TASK TO COMPLETE: The answer is to be an exact copy of the lines below running from the line with "8x10 black and" down to the line with "ОГОЛОШЕННЯ для Селіванова", both ends included, and nothing more.

DATA SHOWN:
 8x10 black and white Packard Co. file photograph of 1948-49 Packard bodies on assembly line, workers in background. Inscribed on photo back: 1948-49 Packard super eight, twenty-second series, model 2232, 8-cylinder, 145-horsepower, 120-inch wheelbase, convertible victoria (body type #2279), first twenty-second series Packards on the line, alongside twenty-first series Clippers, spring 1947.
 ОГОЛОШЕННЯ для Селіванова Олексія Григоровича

--

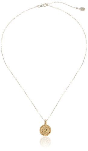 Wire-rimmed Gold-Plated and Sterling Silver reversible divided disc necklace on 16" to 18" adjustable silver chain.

--

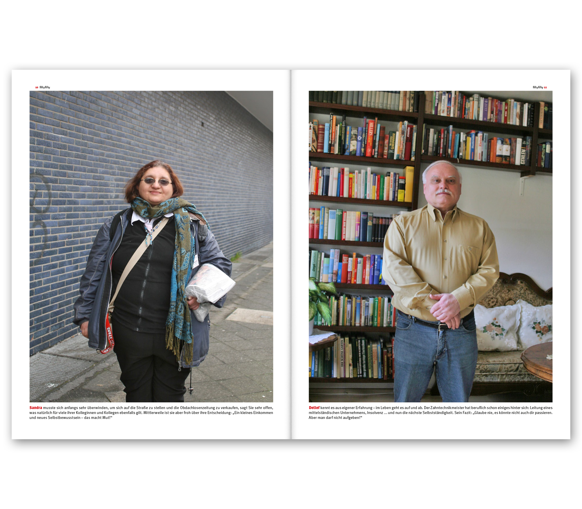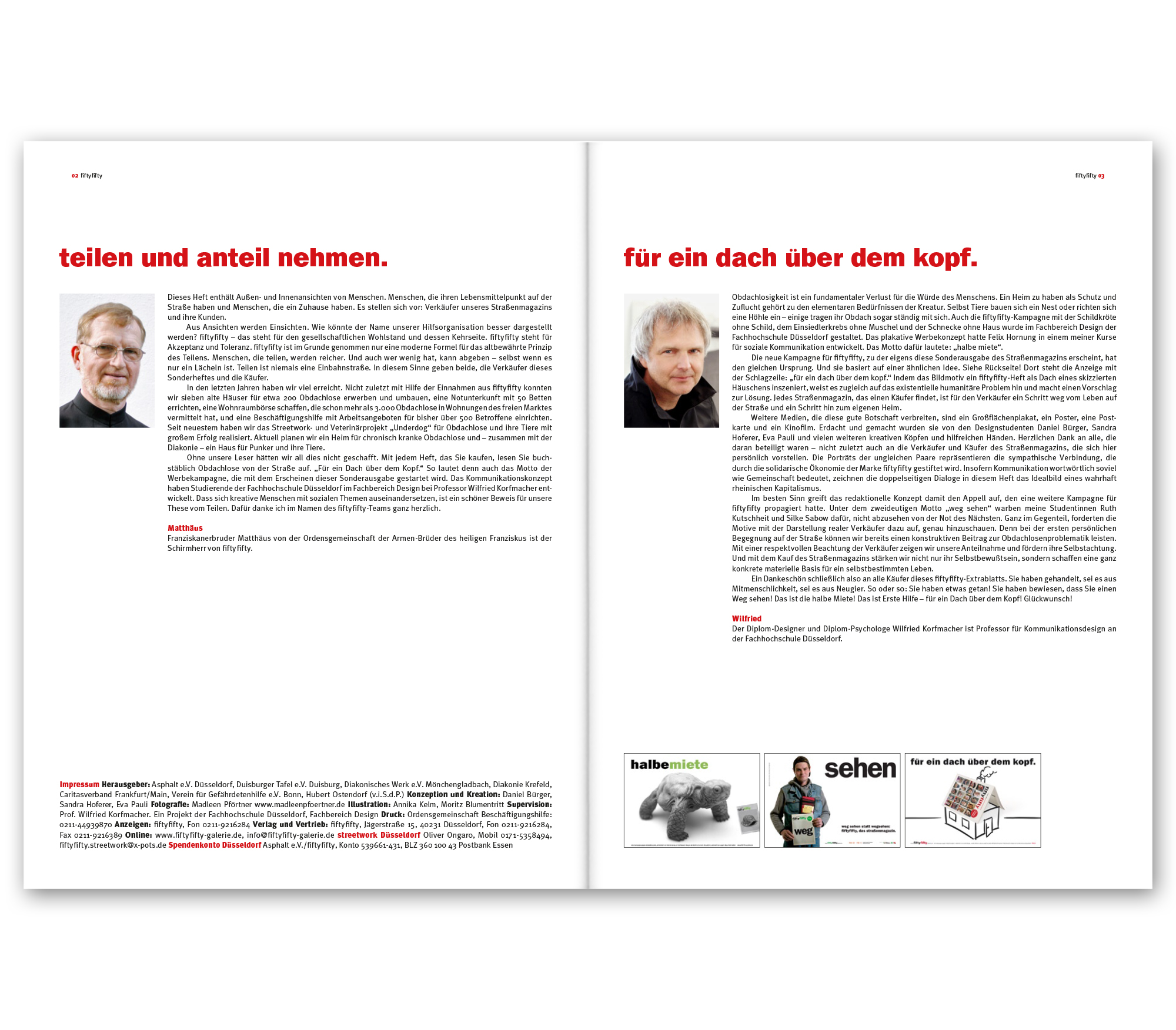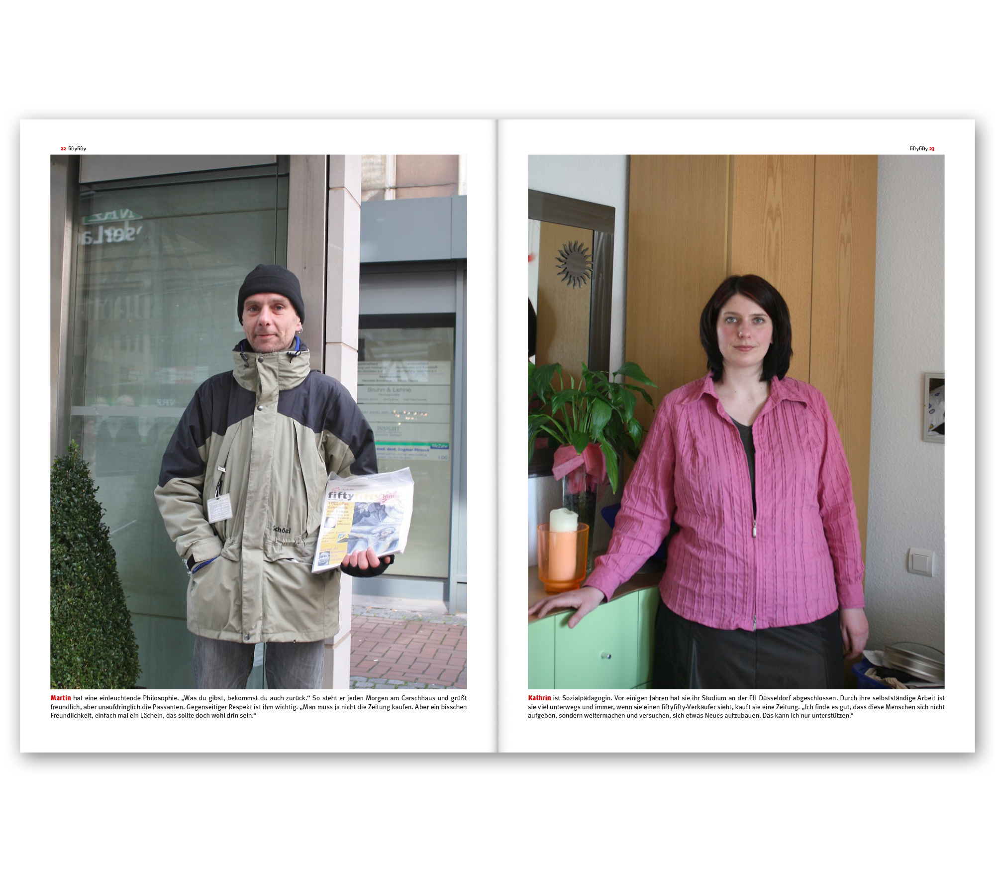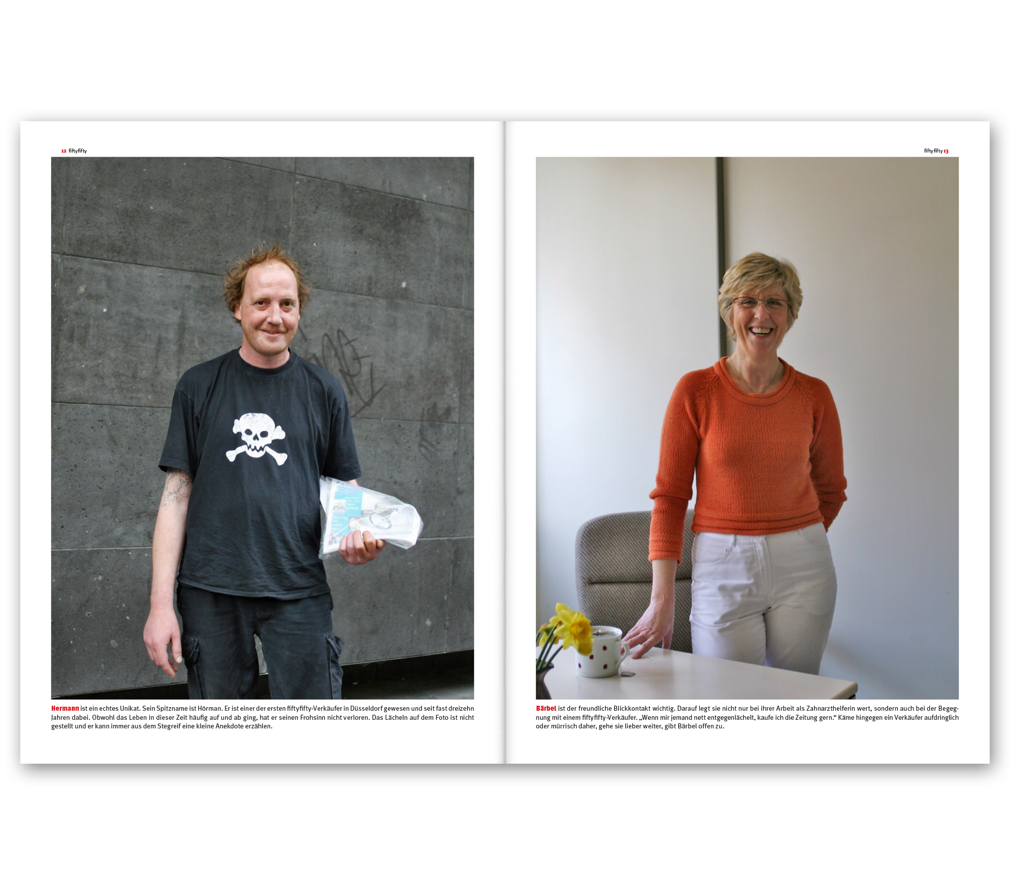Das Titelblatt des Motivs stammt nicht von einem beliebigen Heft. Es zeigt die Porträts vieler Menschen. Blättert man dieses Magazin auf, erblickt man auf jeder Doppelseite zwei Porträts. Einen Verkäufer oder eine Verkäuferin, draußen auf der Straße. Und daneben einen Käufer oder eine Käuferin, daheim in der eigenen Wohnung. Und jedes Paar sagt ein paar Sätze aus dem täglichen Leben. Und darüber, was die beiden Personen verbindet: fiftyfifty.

SOLUTION TO THE PROBLEM:
 8x10 black and white Packard Co. file photograph of 1948-49 Packard bodies on assembly line, workers in background. Inscribed on photo back: 1948-49 Packard super eight, twenty-second series, model 2232, 8-cylinder, 145-horsepower, 120-inch wheelbase, convertible victoria (body type #2279), first twenty-second series Packards on the line, alongside twenty-first series Clippers, spring 1947.
 ОГОЛОШЕННЯ для Селіванова Олексія Григоровича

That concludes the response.